Accordingly, a hygienic toothbrush mounting system is disclosed embodying principles of the present invention. A hygienic toothbrush mounting system is provided for holding the toothbrush handle in a relatively secure, substantially upright and precise manner wherein the toothbrush cannot be easily dislodged from the holder by accidental contact with the toothbrush handle. Similarly, the present mounting system is adapted to conveniently, securely, and precisely hold a predetermined brand or type of conventional toothbrush. The present invention further embodies principles of a relatively inexpensive frictional mounting system for a toothbrush which is adaptable to provide a substantially aesthetically pleasing appearance and which also provides substantial ease of use, reliability, and convenience.

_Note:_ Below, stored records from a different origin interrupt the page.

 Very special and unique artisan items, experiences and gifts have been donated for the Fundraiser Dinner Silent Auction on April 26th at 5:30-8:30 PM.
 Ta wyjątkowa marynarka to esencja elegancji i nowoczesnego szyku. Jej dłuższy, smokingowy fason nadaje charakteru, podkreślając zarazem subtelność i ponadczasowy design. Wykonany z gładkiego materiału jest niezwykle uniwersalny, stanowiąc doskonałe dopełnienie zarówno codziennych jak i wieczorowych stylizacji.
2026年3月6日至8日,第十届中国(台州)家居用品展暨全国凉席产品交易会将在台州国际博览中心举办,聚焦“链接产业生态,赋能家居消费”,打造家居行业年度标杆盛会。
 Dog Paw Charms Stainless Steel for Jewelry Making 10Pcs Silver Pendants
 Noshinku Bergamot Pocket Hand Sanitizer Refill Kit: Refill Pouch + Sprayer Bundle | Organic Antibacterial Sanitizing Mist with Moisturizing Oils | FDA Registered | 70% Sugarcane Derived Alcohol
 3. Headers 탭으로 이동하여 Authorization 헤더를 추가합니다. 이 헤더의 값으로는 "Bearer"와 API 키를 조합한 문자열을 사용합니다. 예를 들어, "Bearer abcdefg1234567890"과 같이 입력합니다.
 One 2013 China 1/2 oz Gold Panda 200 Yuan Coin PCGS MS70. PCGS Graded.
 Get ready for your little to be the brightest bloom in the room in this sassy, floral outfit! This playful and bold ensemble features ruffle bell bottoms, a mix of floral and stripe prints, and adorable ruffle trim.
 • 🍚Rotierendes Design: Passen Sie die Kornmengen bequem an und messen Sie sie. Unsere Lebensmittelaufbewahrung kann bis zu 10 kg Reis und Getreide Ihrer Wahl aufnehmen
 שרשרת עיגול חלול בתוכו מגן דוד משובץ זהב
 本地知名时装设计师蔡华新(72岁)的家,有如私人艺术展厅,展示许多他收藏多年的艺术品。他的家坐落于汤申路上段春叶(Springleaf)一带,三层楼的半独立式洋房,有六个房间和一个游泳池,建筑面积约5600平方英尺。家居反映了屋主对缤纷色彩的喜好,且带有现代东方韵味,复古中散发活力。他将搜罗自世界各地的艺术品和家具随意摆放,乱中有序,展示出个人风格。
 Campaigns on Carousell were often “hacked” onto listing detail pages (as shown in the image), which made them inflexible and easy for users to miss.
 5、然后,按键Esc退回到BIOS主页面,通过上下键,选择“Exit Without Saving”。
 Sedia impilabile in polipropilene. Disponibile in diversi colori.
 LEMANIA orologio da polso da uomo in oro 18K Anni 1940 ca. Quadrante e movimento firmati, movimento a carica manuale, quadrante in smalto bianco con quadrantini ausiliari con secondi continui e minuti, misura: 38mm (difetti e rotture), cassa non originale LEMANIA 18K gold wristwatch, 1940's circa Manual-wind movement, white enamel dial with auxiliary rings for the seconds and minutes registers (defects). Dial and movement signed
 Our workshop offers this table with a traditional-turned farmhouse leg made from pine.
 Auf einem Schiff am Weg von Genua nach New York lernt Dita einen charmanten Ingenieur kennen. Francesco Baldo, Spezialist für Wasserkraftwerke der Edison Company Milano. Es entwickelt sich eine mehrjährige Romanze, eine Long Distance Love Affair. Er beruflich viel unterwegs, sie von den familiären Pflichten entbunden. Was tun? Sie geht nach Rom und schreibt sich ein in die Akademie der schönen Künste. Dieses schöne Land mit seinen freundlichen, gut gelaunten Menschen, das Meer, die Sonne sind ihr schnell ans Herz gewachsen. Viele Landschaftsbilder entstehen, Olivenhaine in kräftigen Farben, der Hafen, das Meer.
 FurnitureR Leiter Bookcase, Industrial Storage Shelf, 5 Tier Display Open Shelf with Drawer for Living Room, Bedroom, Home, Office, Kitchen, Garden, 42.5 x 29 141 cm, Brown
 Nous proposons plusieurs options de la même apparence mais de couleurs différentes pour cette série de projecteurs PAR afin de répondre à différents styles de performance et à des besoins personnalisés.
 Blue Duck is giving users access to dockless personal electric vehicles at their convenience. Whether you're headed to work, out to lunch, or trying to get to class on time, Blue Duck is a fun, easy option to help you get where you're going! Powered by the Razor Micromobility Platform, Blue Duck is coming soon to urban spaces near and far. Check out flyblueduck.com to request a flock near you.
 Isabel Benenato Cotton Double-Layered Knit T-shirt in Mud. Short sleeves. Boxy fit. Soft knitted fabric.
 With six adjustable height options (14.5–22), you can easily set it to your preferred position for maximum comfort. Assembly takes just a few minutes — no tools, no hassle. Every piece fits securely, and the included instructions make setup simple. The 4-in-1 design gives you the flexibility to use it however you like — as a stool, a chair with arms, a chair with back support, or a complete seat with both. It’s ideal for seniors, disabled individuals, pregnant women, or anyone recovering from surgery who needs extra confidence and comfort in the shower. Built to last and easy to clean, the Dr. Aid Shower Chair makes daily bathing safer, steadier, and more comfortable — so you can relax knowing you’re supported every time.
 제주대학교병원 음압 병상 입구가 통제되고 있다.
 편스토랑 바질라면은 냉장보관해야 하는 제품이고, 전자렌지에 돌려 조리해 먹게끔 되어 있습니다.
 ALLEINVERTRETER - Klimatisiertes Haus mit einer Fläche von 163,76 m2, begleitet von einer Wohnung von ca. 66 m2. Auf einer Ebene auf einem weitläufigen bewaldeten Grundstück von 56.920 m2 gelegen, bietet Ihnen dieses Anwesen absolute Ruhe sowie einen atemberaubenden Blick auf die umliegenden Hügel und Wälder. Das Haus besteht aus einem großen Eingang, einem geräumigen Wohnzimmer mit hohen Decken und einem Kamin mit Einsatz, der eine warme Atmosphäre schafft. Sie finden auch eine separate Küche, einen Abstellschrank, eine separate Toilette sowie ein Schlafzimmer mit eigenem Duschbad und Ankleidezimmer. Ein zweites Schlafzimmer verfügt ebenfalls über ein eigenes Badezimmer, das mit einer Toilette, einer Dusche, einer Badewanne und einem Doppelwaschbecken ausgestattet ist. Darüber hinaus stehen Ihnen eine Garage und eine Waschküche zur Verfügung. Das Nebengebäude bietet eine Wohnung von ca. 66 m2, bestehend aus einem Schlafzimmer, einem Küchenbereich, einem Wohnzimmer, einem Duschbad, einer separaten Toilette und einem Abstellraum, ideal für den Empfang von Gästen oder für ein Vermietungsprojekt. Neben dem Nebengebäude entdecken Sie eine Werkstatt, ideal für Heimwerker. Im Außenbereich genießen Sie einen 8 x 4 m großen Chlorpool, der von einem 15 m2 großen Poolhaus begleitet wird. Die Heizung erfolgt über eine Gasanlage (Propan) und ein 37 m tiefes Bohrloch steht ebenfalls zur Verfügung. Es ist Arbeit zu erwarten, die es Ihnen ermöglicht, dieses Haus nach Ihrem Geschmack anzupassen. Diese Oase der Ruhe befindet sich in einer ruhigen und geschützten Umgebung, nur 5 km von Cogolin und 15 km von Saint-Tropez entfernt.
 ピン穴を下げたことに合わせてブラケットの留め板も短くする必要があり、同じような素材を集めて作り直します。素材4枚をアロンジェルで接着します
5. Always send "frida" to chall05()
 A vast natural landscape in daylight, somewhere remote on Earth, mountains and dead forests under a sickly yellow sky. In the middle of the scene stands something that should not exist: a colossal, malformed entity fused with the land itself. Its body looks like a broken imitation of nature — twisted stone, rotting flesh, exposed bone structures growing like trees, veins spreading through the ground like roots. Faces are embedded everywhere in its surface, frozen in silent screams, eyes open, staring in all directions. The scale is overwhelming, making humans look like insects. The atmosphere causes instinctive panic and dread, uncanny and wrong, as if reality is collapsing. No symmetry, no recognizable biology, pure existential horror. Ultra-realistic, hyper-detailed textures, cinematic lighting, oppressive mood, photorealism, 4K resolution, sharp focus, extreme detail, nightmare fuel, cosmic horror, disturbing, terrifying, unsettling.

Accordingly, in one broad aspect embodying principles of the present invention, a hygienic toothbrush mounting system comprises a toothbrush including a handle region having a predetermined surface contour, and a mounting member having a recessed surface contour for engaging the predetermined surface contour of the toothbrush handle region. The toothbrush is secured in the mounting member by friction between portions of the engaged surface contours. The mounting member is affixed to a vertical surface such as a wall or mirror. The bristles of the toothbrush are held in a hygienic position, free from interference with portions of the holder or other objects. The toothbrush is neatly and securely held in a convenient, out of the way location.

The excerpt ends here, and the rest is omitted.